One issue is that it is extremely difficult to crop in if, for instance, we don’t need all of Canada’s norther islands. Using xlim and ylim truncates the polygons in weird ways. And you should NEVER crop with xlim/ylim, anyway.

ggplot(NAm_map, aes(x = long, y = lat, group = group)) +
geom_polygon(fill = "cornsilk4", col = "cornsilk") +
geom_polygon(data = Low48_map, fill = "cornsilk4", col = "cornsilk") +
geom_polygon(data = PSRU_shape_df, fill = "darkorange3", alpha = 0.8) +
theme_void() +
theme(panel.background = element_rect(fill = "cornsilk")) +
coord_map(projection = "gilbert") +
xlim(-125, -60) +
ylim(25, 64)

The better way to crop is to set the xlim and ylim of the clipping mask with coord_cartesian(). But, then we lose the projection.
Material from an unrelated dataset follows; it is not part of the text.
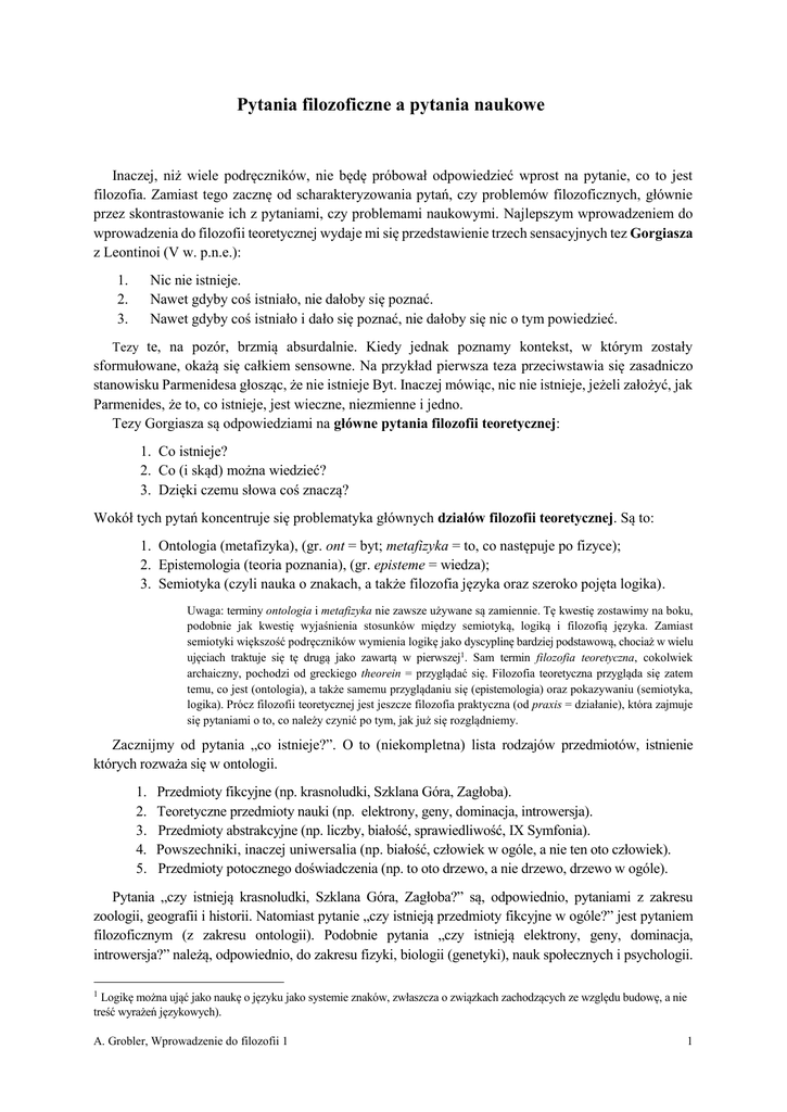 Pytania filozoficzne a pytania naukowe Inaczej, niż wiele podręczników, nie będę próbował odpowiedzieć wprost na pytanie, co to jest filozofia. Zamiast tego zacznę od scharakteryzowania pytań, czy problemów filozoficznych, głównie przez skontrastowanie ich z pytaniami, czy problemami naukowymi. Najlepszym wprowadzeniem do wprowadzenia do filozofii teoretycznej wydaje mi się przedstawienie trzech sensacyjnych tez Gorgiasza z Leontinoi (V w. p.n.e.): 1. 2. 3. Nic nie istnieje. Nawet gdyby coś istniało, nie dałoby się poznać. Nawet gdyby coś istniało i dało się poznać, nie dałoby się nic o tym powiedzieć. Tezy te, na pozór, brzmią absurdalnie. Kiedy jednak poznamy kontekst, w którym zostały sformułowane, okażą się całkiem sensowne. Na przykład pierwsza teza przeciwstawia się zasadniczo stanowisku Parmenidesa głosząc, że nie istnieje Byt. Inaczej mówiąc, nic nie istnieje, jeżeli założyć, jak Parmenides, że to, co istnieje, jest wieczne, niezmienne i jedno. Tezy Gorgiasza są odpowiedziami na główne pytania filozofii teoretycznej: 1. Co istnieje? 2. Co (i skąd) można wiedzieć? 3. Dzięki czemu słowa coś znaczą? Wokół tych pytań koncentruje się problematyka głównych działów filozofii teoretycznej. Są to: 1. Ontologia (metafizyka), (gr. ont = byt; metafizyka = to, co następuje po fizyce); 2. Epistemologia (teoria poznania), (gr. episteme = wiedza); 3. Semiotyka (czyli nauka o znakach, a także filozofia języka oraz szeroko pojęta logika). Uwaga: terminy ontologia i metafizyka nie zawsze używane są zamiennie. Tę kwestię zostawimy na boku, podobnie jak kwestię wyjaśnienia stosunków między semiotyką, logiką i filozofią języka. Zamiast semiotyki większość podręczników wymienia logikę jako dyscyplinę bardziej podstawową, chociaż w wielu ujęciach traktuje się tę drugą jako zawartą w pierwszej1. Sam termin filozofia teoretyczna, cokolwiek archaiczny, pochodzi od greckiego theorein = przyglądać się. Filozofia teoretyczna przygląda się zatem temu, co jest (ontologia), a także samemu przyglądaniu się (epistemologia) oraz pokazywaniu (semiotyka, logika). Prócz filozofii teoretycznej jest jeszcze filozofia praktyczna (od praxis = działanie), która zajmuje się pytaniami o to, co należy czynić po tym, jak już się rozglądniemy. Zacznijmy od pytania „co istnieje?”. O to (niekompletna) lista rodzajów przedmiotów, istnienie których rozważa się w ontologii. 1. 2. 3. 4. 5. Przedmioty fikcyjne (np. krasnoludki, Szklana Góra, Zagłoba). Teoretyczne przedmioty nauki (np. elektrony, geny, dominacja, introwersja). Przedmioty abstrakcyjne (np. liczby, białość, sprawiedliwość, IX Symfonia). Powszechniki, inaczej uniwersalia (np. białość, człowiek w ogóle, a nie ten oto człowiek). Przedmioty potocznego doświadczenia (np. to oto drzewo, a nie drzewo, drzewo w ogóle). Pytania „czy istnieją krasnoludki, Szklana Góra, Zagłoba?” są, odpowiednio, pytaniami z zakresu zoologii, geografii i historii. Natomiast pytanie „czy istnieją przedmioty fikcyjne w ogóle?” jest pytaniem filozoficznym (z zakresu ontologii). Podobnie pytania „czy istnieją elektrony, geny, dominacja, introwersja?” należą, odpowiednio, do zakresu fizyki, biologii (genetyki), nauk społecznych i psychologii. Logikę można ująć jako naukę o języku jako systemie znaków, zwłaszcza o związkach zachodzących ze względu budowę, a nie treść wyrażeń językowych). 1 A. Grobler, Wprowadzenie do filozofii 1 1 Natomiast „czy istnieją przedmioty, o których mowa w teoriach naukowych, a które nie są dostępne ludzkiemu doświadczeniu” jest pytaniem filozoficznym (z zakresu ontologii, filozofii nauki). „Czy istnieje rozwiązanie takiego-a-takiego równania?” jest pytaniem matematycznym, zaś „czy liczby w ogóle istnieją (bo przecież nie ma ich w żadnym określonym miejscu)?” jest pytaniem filozoficznym. Te przykłady pozwalają zauważyć, że pytania filozoficzne (w tym przypadku – metafizyczne) są o wiele ogólniejsze od pytań naukowych. Mają one charakter podstawowy, natomiast pytania naukowe z góry zakładają już określone rozstrzygnięcia metafizyczne (na przykład fizyka klasyczna zakłada z góry, że istnieją przedmioty konkretne, tj. przedmioty usytuowane w przestrzeni i czasie, a matematyka klasyczna zakłada z góry, że istnieją przedmioty abstrakcyjne, jak liczby, zbiory, funkcje itp.). Podstawowa zasada rozstrzygania pytań o istnienie określonych rodzajów przedmiotów pochodzi od Parmenidesa: Podstawowa zasada ontologiczna: istnieje to, i tylko to, co jest identyczne ze sobą. No entity without identity czyli istnieć = zachowywać tożsamość. Smok Wawelski istnieje wtedy i tylko wtedy, gdy istnieją podstawy do rozstrzygnięcia, czy w powieści Pagaczewskiego o profesorze Gąbce występuje ten sam Smok Wawelski, o którym legenda mówi, że pożerał dziewice do czasu, kiedy szewczyk Skuba dał mu popalić, czy też jakiś inny Smok Wawelski, który akurat tak samo się nazywa. (W pierwszym przypadku jest niemożliwe, aby zarówno legenda, jak i powieści Pagaczewskiego mówiły prawdę). Jeżeli nie ma podstaw do znalezienia odpowiedzi na to pytanie, Smok Wawelski nie istnieje. IX Symfonia istnieje wtedy i tylko wtedy, gdy można zasadnie ustalić, czy melodia, którą gwiżdżę sobie przy goleniu, jest tą samą IX Symfonią, którą wczoraj wykonała Wielka Orkiestra Opery Głównej pod batutą Naczelnego Dyrygenta. Ja istnieję dzięki temu, że Państwo mają podstawy, aby uważać, że Adam Grobler, który rozpoczął ten wykład, jest tym samym Adamem Groblerem, który teraz mówi te słowa (ja też mam takie podstawy). Teorie metafizyczne a teorie naukowe Do wniosku, że nic nie istnieje, doprowadziło Gorgiasza następujące rozumowanie: 1. 2. 3. 4. 5. 6. Istnieje tylko jeden, wieczny i niezmienny Byt (jak głosi Parmenides). Ale gdzie Byt istnieje? Nie

ggplot(NAm_map, aes(x = long, y = lat, group = group)) +
geom_polygon(fill = "cornsilk4", col = "cornsilk") +
geom_polygon(data = Low48_map, fill = "cornsilk4", col = "cornsilk") +
geom_polygon(data = PSRU_shape_df, fill = "darkorange3", alpha = 0.8) +
theme_void() +
theme(panel.background = element_rect(fill = "cornsilk")) +
coord_map(projection = "mercator") +
coord_cartesian(xlim = c(-125, -60), ylim = c(25, 52))

There are a handful of work-arounds to the problem.
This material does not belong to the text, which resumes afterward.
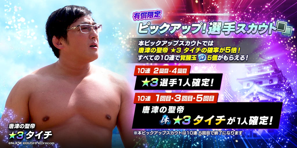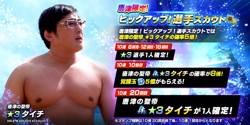 ●新日SS×唐津コラボ!★3タイチが唐津限定ピックアップ選手スカウトにて登場!
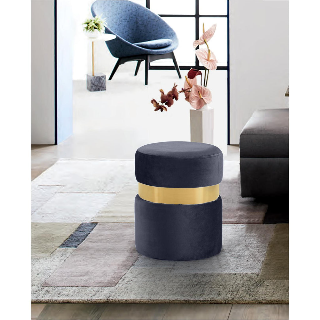 Put the finishing touch on your seating area with this Hailey Grey Velvet Ottoman/Stool. This handsome stool features an intersecting strip of stainless steel with a chic metallic finish, giving it a staggered look. The ottoman is covered in velvet upholstery for an upscale feel and soft touch against your skin. Place this fun and elegant stool in the living room for a comfortable foot prop or in the bedroom for an out-of-the-way seat.

First, there is a code workaround here, but it is a bit complicated.

Second, you can simply export the image at an appropriate size to get a resulting ratio that works. One potential issue with this is that GGplot exports ALL of the information in the PDF, even the polygons outside of the image. In this case, that means a lot of data points to outlines all those tiny Arctic Islands. This can make for some really large PDF files. A very slick solution to this is to rasterize the maps with ggraster before exporting the images. You can still export the image at twice or three times the size to retain high resolution, but the file size will be much smaller.

Third, you could export the uncropped version as a pdf (which is a vector graphic) and open it in a vector graphics program like Adobe Illustrator or Inkscape. From there, you can crop in where ever you want.